Comprehensive Study on Adapting LLMs to New Languages

Introduction to LLM Adaptation

The adaptation of pre-trained LLMs to new languages has emerged as a promising avenue for leveraging existing computational and data resources to extend the utility of these models across diverse linguistic landscapes. This paper presents an extensive paper focusing on various strategies for adapting LLMs to nine typologically diverse languages, including Arabic, Bulgarian, Hungarian, Japanese, Russian, Serbian, Slovenian, Thai, and Turkish. The research explores vocabulary extension, continuous pre-training, and methods for aligning models with human preferences in low-resource languages. Through meticulous experimentation, the paper sets new performance benchmarks, outperforming previous models in these languages across several dimensions.

Key Findings on LLM Adaptation

Vocabulary Expansion and Model Initialisation

The paper highlighted the significance of expanding the model's vocabulary to include tokens from the target language, which although did not substantially improve downstream task accuracy, enhanced tokenizer efficiency and inference performance in the target languages. Different strategies for initializing new token embeddings were explored, with the method of averaging sub-word embeddings showing accelerated convergence during training with minimal impact on final accuracy.

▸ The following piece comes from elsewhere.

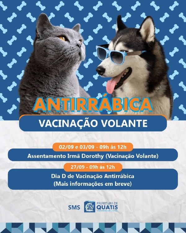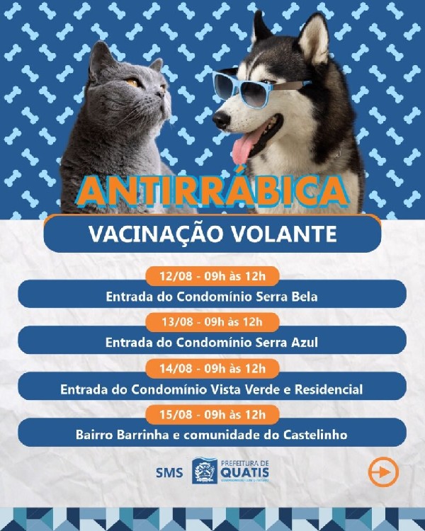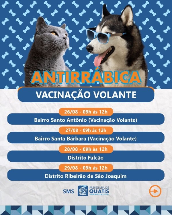 Vai começar a Campanha de Vacinação Antirrábica em Quatis. A partir desta terça-feira (12), a cidade vai dar início à imunização contra a raiva para cães e gatos do município. A ação vai acontecer das 9h às 12 horas em vários bairros e localidades de Quatis, e também de forma volante, de acordo com um calendário da Divisão de Saúde e Bem-Estar Animal, da Secretaria Municipal de Saúde (SMS). Para a vacinação, o tutor do animal deve ter em mãos RG, CPF e comprovante de residência.Confira os dias e locais da vacinação:De 12 a 15 de agosto12/08 (Terça-feira) – Entrada do Condomínio Serra Bela13/08 (Quarta-feira) – Entrada do Condomínio Serra Azul14/08 (Quinta-feira) – Entrada do Condomínio Vista Verde e Residencial15/08 (Sexta-feira) – Bairro Barrinha e comunidade do Castelinho (Pórtico da Cidade)De 19 a 22 de agosto19/08 (Terça-feira) – Bairro Jardim Polastri (Parque da Cidade)20/08 (Quarta-feira) – Bairro Bondarowsky (Pátio da Prefeitura Municipal)21/08 (Quinta-feira) – Loteamentos Céu Azul e São José (Vacinação Volante)22/08 (Sexta-feira) – Bairro Água Espalhada (Vacinação Volante)De 26 a 29 de agosto26/08 (Terça-feira) – Bairro Santo Antônio (Vacinação Volante)27/08 (Quarta-feira) – Bairro Santa Bárbara (Vacinação Volante)28/08 (Quinta-feira) – Distrito Falcão29/08 (Sexta-feira) – Distrito Ribeirão de São JoaquimDias 2, 3 e 27 de setembro02/09 e 03/09 (Terça e Quarta-feira) – Assentamento Irmã Dorothy (Vacinação Volante)27/09 (Sábado) – Dia D de Vacinação Antirrábica (Mais informações em breve)

Continuous Pre-training with Mixed Language Data

The effectiveness of continuous pre-training was demonstrated through a methodology that involves training on a mixture of English and target language web data. The research indicates that including a higher proportion of target language data aids in achieving faster convergence and better performance in the target language, underscoring the importance of balanced and thoughtfully curated training corpora.

Human Preference Alignment with Limited Data

An innovative aspect of this paper is its approach to aligning models with human preferences using a minimal amount of alignment data. The findings suggest that a judicious mixture of translated alignment data can be nearly as effective as exclusively using data written in the target language for model alignment, thus mitigating the challenge of data scarcity in low-resource languages.

Quantitative Benchmarks and Evaluation

The adapted models were benchmarked against a suite of established multilingual and language-specific tests, showing superior performance over previous state-of-the-art models. Through rigorous evaluation, the adapted models demonstrated improvements in perplexity, translation quality, text classification, and natural language understanding tasks across all target languages. These results validate the effectiveness of the proposed adaptation methodology and underscore its potential as a scalable solution for enhancing the accessibility and utility of LLMs across a wider array of languages.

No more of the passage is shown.